Conservatives DO NOT share libertarian ideas on free markets. They only care about privilege and getting handouts from the state for well to do white Christians.
http://krugman.blogs.nytimes.com/2013/08/17/conservatives-are-mostly-not-libertarians/?_r=1&
...most conservatives are not libertarians, even if they like to use libertarian rhetoric now and then.
Think about it: the modern Republican party may be the party of deregulation and low taxes, but it’s also the party of social illiberalism. Someone like Rick Santorum firmly believes that the government has no right to tell business owners what they can do in the workplace, but has every right to tell ordinary citizens what they can do in the bedroom. William Buckley’s God and Man at Yale was in large part a diatribe against the notion that colleges were teaching students about unemployment and how to fight it; but what Buckley wanted was, in effect, for those colleges to get back to their proper role, which was religious indoctrination. In its heyday National Review was a staunch supporter of free markets; but it was also a staunch supporter of Jim Crow — which wasn’t just about the right of white business owners to discriminate against blacks, it was about a system of laws designed to protect white privilege.

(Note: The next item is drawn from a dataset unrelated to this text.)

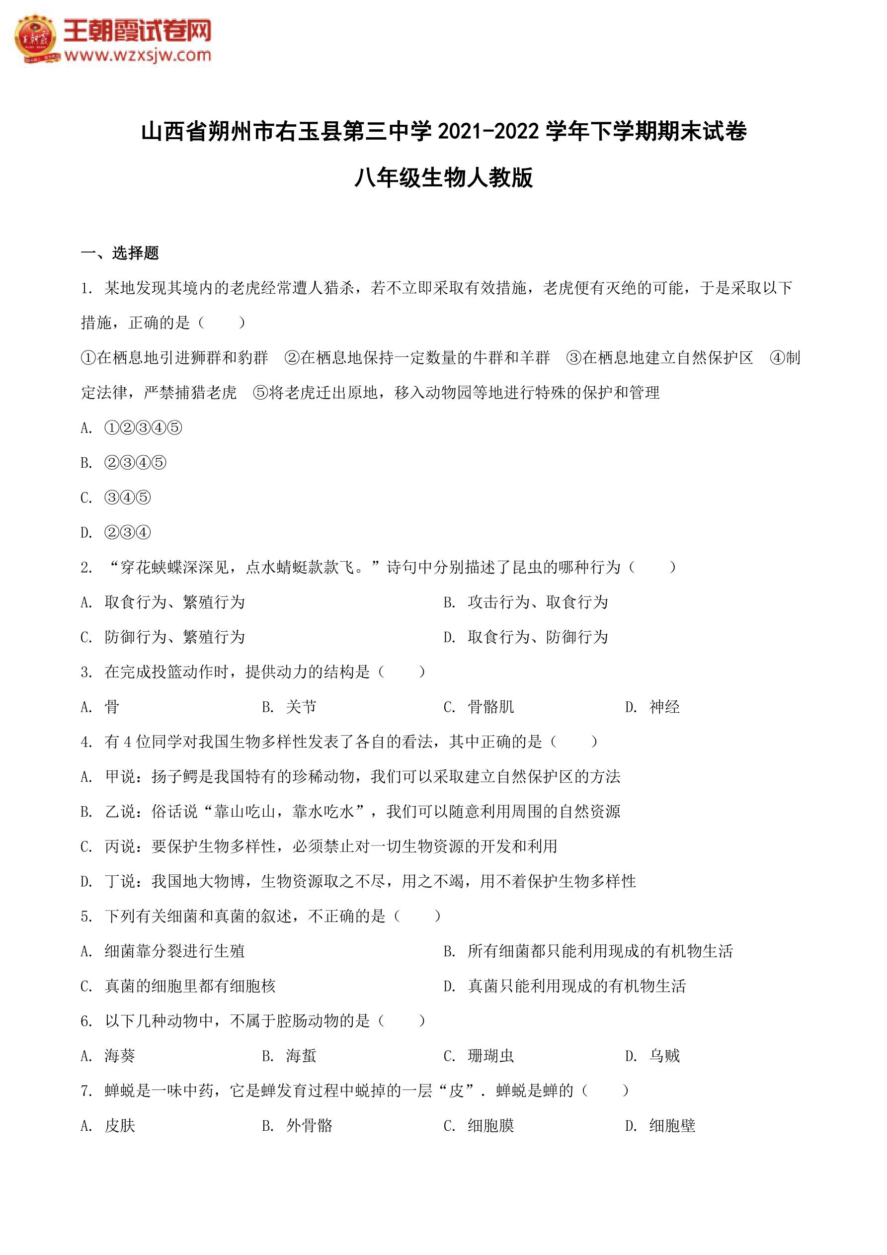 山西省朔州市右玉县第三中学2021-2022学年下学期期末试卷八年级生物(人教版)

All of this makes no sense if you think of liberalism versus conservatism as a simple argument about the size and role of the state. But it makes perfect sense if you follow Corey Robin, who sees it as being all about the protection of traditional hierarchy:
For that is what conservatism is: a meditation on, and theoretical rendition of, the felt experience of having power, seeing it threatened, and trying to win it back.